The French Bulldog, with their large bat ears and even disposition, is one of the world’s most popular small breed dogs, especially with people living in the city and apartments. The Frenchie is playful, alert, adaptable, and completely irresistible!
The French Bulldog is a miniature bulldog with large, erect “bat ears” that are the breed’s most noticeable feature. The head is large and square, with heavy wrinkles rolled above the extremely short nose. The body beneath the smooth, brilliant coat is compact and muscular.
Frenchies are naturalKu affectionate charmers. Frenchies don’t bark much—but their alertness makes them excellent watchdogs. They happily adapt to life with singles, couples, or families, and do not require a lot of outdoor exercise. They get on well with other animals and enjoy making new friends of the human variety. It is no wonder that city folk from Paris to Peoria swear by this vastly amusing and companionable breed.
In the mid 1800s, a toy-size Bulldog found favor in some English cities. The toy Bulldog became something of a mascot for Nottingham’s lace makers. This was the height of the Industrial Revolution in England. Cottage industries such as as lace making were threatened. Many in the lace trade relocated to northern France, and they brought their toy Bulldogs with them.
The little dogs became popular in the French countryside where lace makers settled. Over decades, the toy Bulldogs were crossed with other breeds, such as terriers and Pugs and they developed their famous bat ears. They were given the name Bouledogue Français.

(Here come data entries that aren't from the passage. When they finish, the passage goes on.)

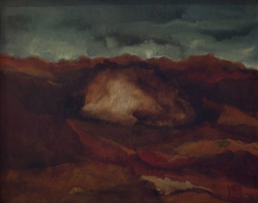 Personaggio eccentrico e affascinante, Giorgio Milia possiede in un sicuro mestiere e in un tonalismo che passa da brutale a impercettibile, le sue armi migliori. Il Paesaggio dell'ITIS, realizzato a ridosso della prematura scomparsa, dimostra chiaramente il talento di un uomo che cercava più di capire che di imporre un proprio linguaggio; se della lezione morandiana egli aveva coscienza, ne declinava quasi in modo del tutto naturale il senso del paesaggio che, come in questo caso, ha una metrica temporale più che spaziale; l'impressione finale, infatti, è di trovarsi dinanzi ad un teschio immerso in variazioni di rosso.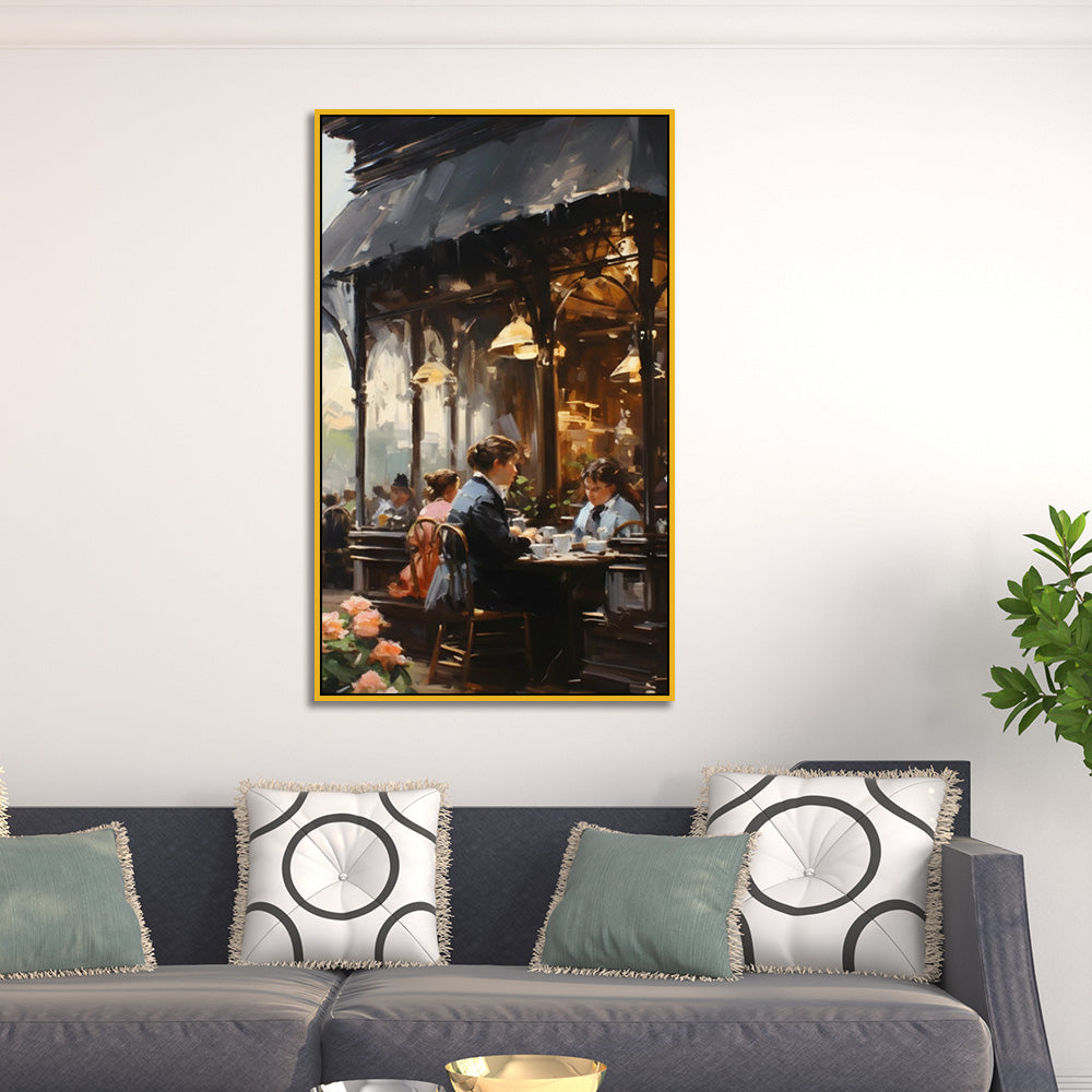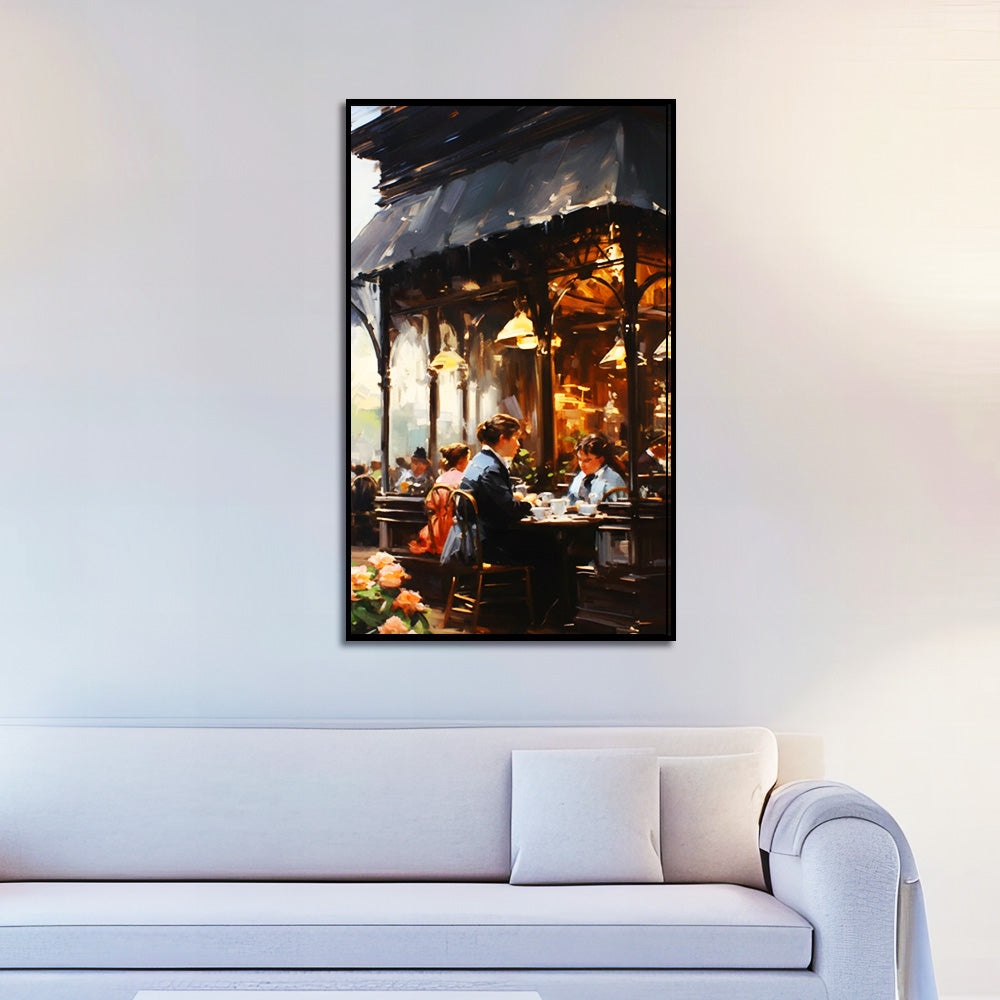 Style: Vintage Art, Impressionist Style, Café Scene Art, European Cityscape, Oil Painting Print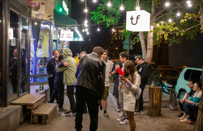 Первое часовое место встречи русских в Ереване - кафе Tuf. Сейчас приезжает так много людей, что его нужно расширять. Там забивают, сваривают, валяются сверлильные станки, на полу перевернуты зеленые пивные ящики в качестве табуретов для разнорабочих. Tuf Club в настоящее время превращается в Tuf House, расположенный на 3 этажах. Во время короткой паузы в шуме владелица, сбежавшая в Ереван из Санкт-Петербурга, говорит, что бар больше не предназначен для того, чтобы быть русским баром только для русских. „Мы живем в Армении среди армян, которые приняли нас так дружелюбно“, - говорит она. „Как будто мы близкие родственники“.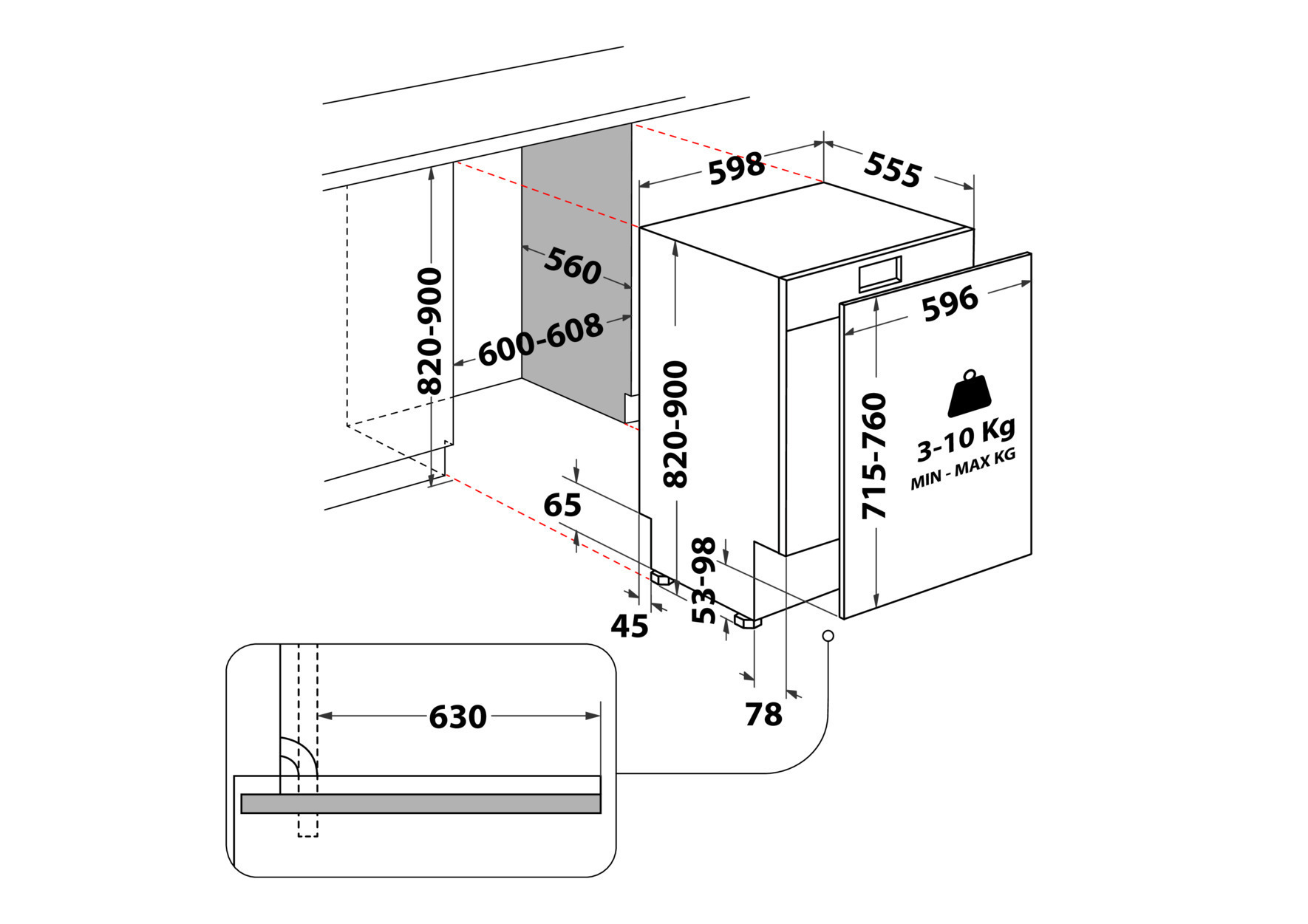 - Gerätemaße (HxTxB): 820x555x598 mm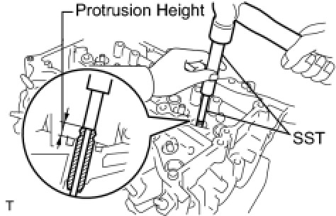(d) Using SST, tap in new valve guide bushes to the specified protrusion height.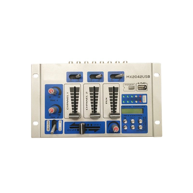 Di terza generazione, questo piccolo mixer, versatile e compatto, rappresenta uno degli articoli più apprezzati. Posside 3 ingressi di linea, 2 phono, 2 ingressi microfonici e un lettore USB in grado di riprodurre i brani Mp3. Il display retroilluminato ad alta definizione, mostra, grazie al circuito ID3, il nome dei brani e degli autori. I volumi dei microfoni sono regolabili separatamente, dispone di funzione talkover manuale. VU meters, ascolto in cuffia e crossfader completano l'apparecchio.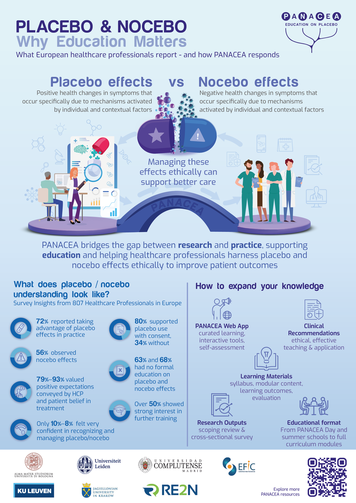 Gli effetti placebo e nocebo possono influenzare in modo significativo gli esiti dei pazienti, ma restano tra i temi meno trattati nella formazione medica. Negli ultimi tre anni, il progetto Erasmus+ PANACEA – coordinato dal Dipartimento di Scienze Mediche e Chirurgiche (DIMEC) dell’Università di Bologna – ha lavorato per colmare questa lacuna, sviluppando risorse basate sull’evidenza e integrando le conoscenze scientifiche sugli effetti placebo e nocebo nella formazione clinica a livello europeo.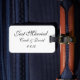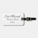 Marca de bagagem personalizada mostrada em preto/branco com texto de Recem casados. Personalize esta etiqueta e altere os nomes e a data para a sua. Você pode até mudar de cor.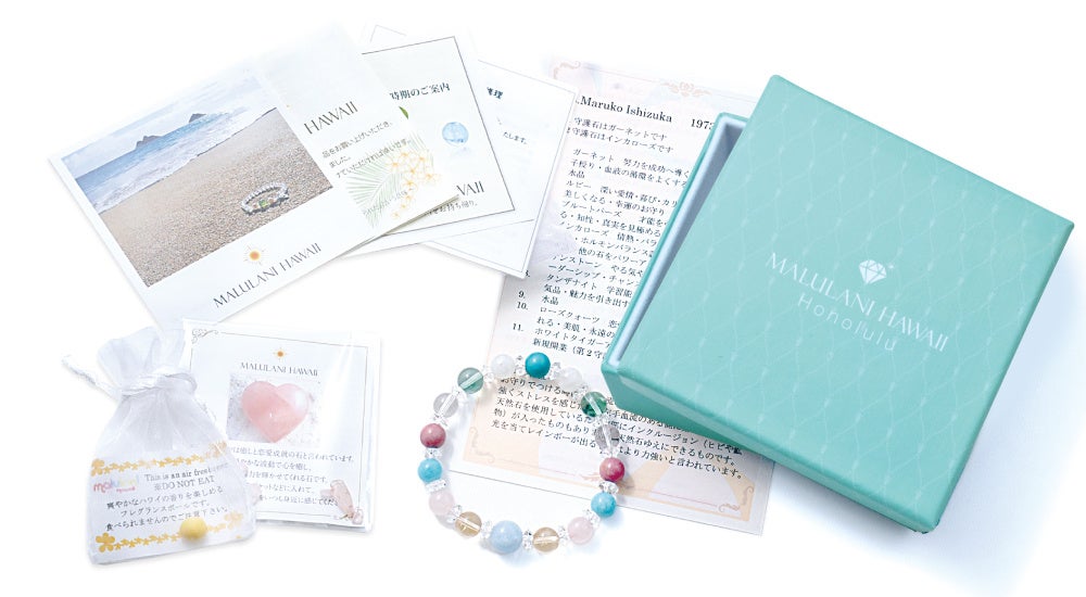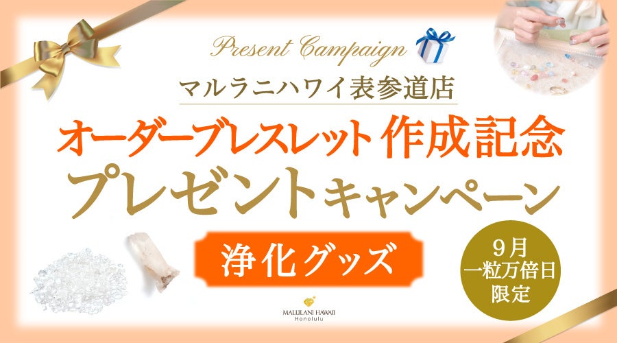ハワイ発の天然石アクセサリーブランド「Malulani Hawaii(マルラニハワイ)」表参道店では、9月中の一粒万倍日に、表参道店でオーダーブレスレットをお作りいただいた方限定で、浄化グッズをプレゼント致します。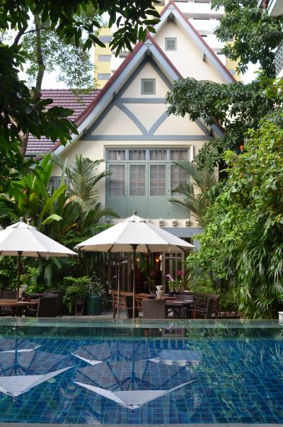 スクンビットのソイ奥にひっそりたたずむ、旧い邸宅を改装したホテルです。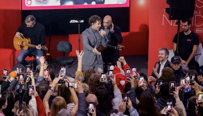 Sin previo aviso, Bisbal se ha subido a un pequeño escenario habilitado en el vestíbulo y ha arrancado un recital de aproximadamente 20 minutos. Durante ese tiempo ha interpretado cuatro canciones, combinando clásicos navideños con algunos de sus éxitos más conocidos. Entre los villancicos destacan su versión de El burrito sabanero, que ya popularizó la pasada Navidad, Los peces en el río y Todo es posible en Navidad, para cerrar con su emblemático Ave María.

Paris eventually discovered the delightful new breed, and thus began the Frenchie’s reputation as city dog par excellence. The breed came to be associated with Paris café life, and with the bon vivants and fancy ladies who sought nocturnal pleasures in Parisian dancehalls. Edgar Degas and Toulouse-Lautrec depicted the Frenchie in paintings of the Paris demimonde.
By the end of the 19th century, the Frenchie’s popularity had spread across Europe to America. The breed was not as liked in England. The Bulldog was a national symbol by the 1900s for Europe. Englishmen whom rivaled Europeans had a hard time adapting to the French Bulldog.
Americans in the early 1900s contributed to the breed by insisting that the bat ear was the correct Frenchie type. It is by this distinctive feature that the Frenchie is instantly recognizable to the world.